Default: 'lower_quantile'

--sample-mask-col

Name of the column indicating the sample mask in [Reporter]Screen.samples (or AnnData.var). Sample is ignored if the value in this column is 0. This can be used to mask out low-quality samples. If you don’t want to mask samples out, provide –sample-mask-col=’’.

Default: 'mask'

--negctrl-col

Column in bdata.obs specifying if a guide is negative control. If the bdata.guides[negctrl_col].lower() == negctrl_col_value, it is treated as negative control guide.

Default: 'target_group'

--negctrl-col-value

Column value in bdata.guides specifying if a guide is negative control. If the bdata.guides[negctrl_col].lower() == negctrl_col_value, it is treated as negative control guide.

Default: 'negctrl'

--repguide-mask

n_replicate x n_guide mask to mask the outlier guides. screen.uns[repguide_mask] will be used.

Default: repguide_mask

--allele-df-key

screen.uns[allele_df_key] will be used as the allele count.

--splice-site-path

Path to splicing site

--control-guide-tag

If this string is in guide name, treat each guide separately not to mix the position. Used for negative controls.

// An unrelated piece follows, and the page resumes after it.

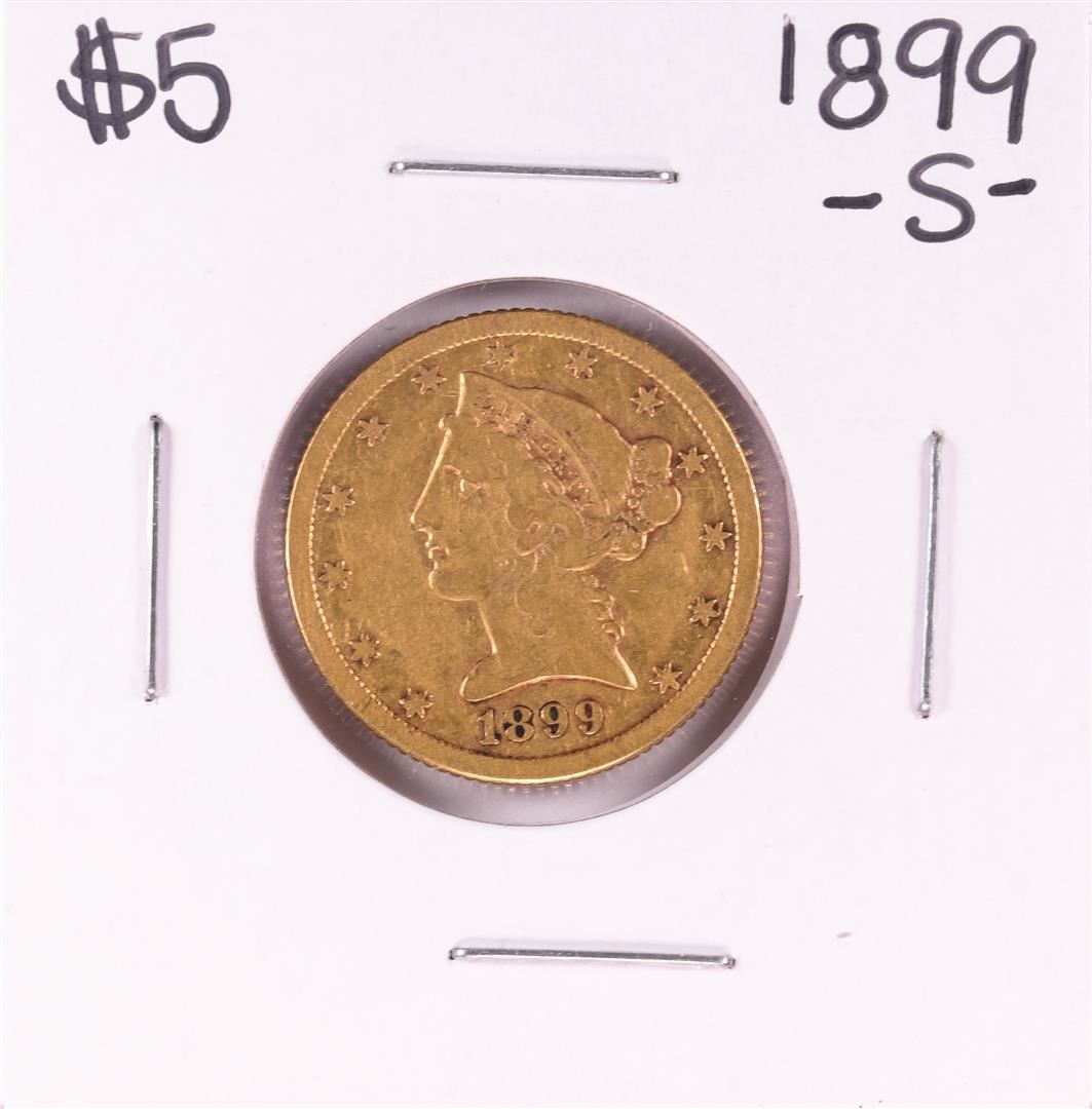 One 1899-S $5 Liberty Head Half Eagle Gold Coin.

Advanced arguments for model fitting

--n-iter

# of SVI steps taken for inference.

Default: 2000

--ignore-bcmatch

If provided, even if the screen object has .X_bcmatch, ignore the count when fitting.

Default: False

--prior-params

Path to the .pkl file with the dictionary containing prior parameters. Useful if your screens are batched into disjoint pool of gRNA libraries. Currently supports mu_loc, mu_scale, sd_loc, sd_scale for sorting screens and mu_loc, mu_scale, initial_abundance for survival screens.

--rep-pi, -r

Fit replicate specific scaling factor. Recommended to set as True if you expect variable editing activity across biological replicates.

Default: False

--const-pi

Use constant pi provided in –guide-activity-col (instead of fitting from reporter data)

Default: False

--shrink-alpha

Instead of using the trend-fitted alpha values, use estimated alpha values for each gRNA that are shrunk towards the fitted trend.

Default: False

--exclude-control-condition-for-inference, -ec

Exclude control conditions for inference. Currently only supported for survival screens.

Default: False

--alpha-if-overdispersion-fitting-fails, -af

Comma-separated regression coefficient (b0, b1) of log(a0) ~ log(q) that will be used if fitting dispersion on the data fails.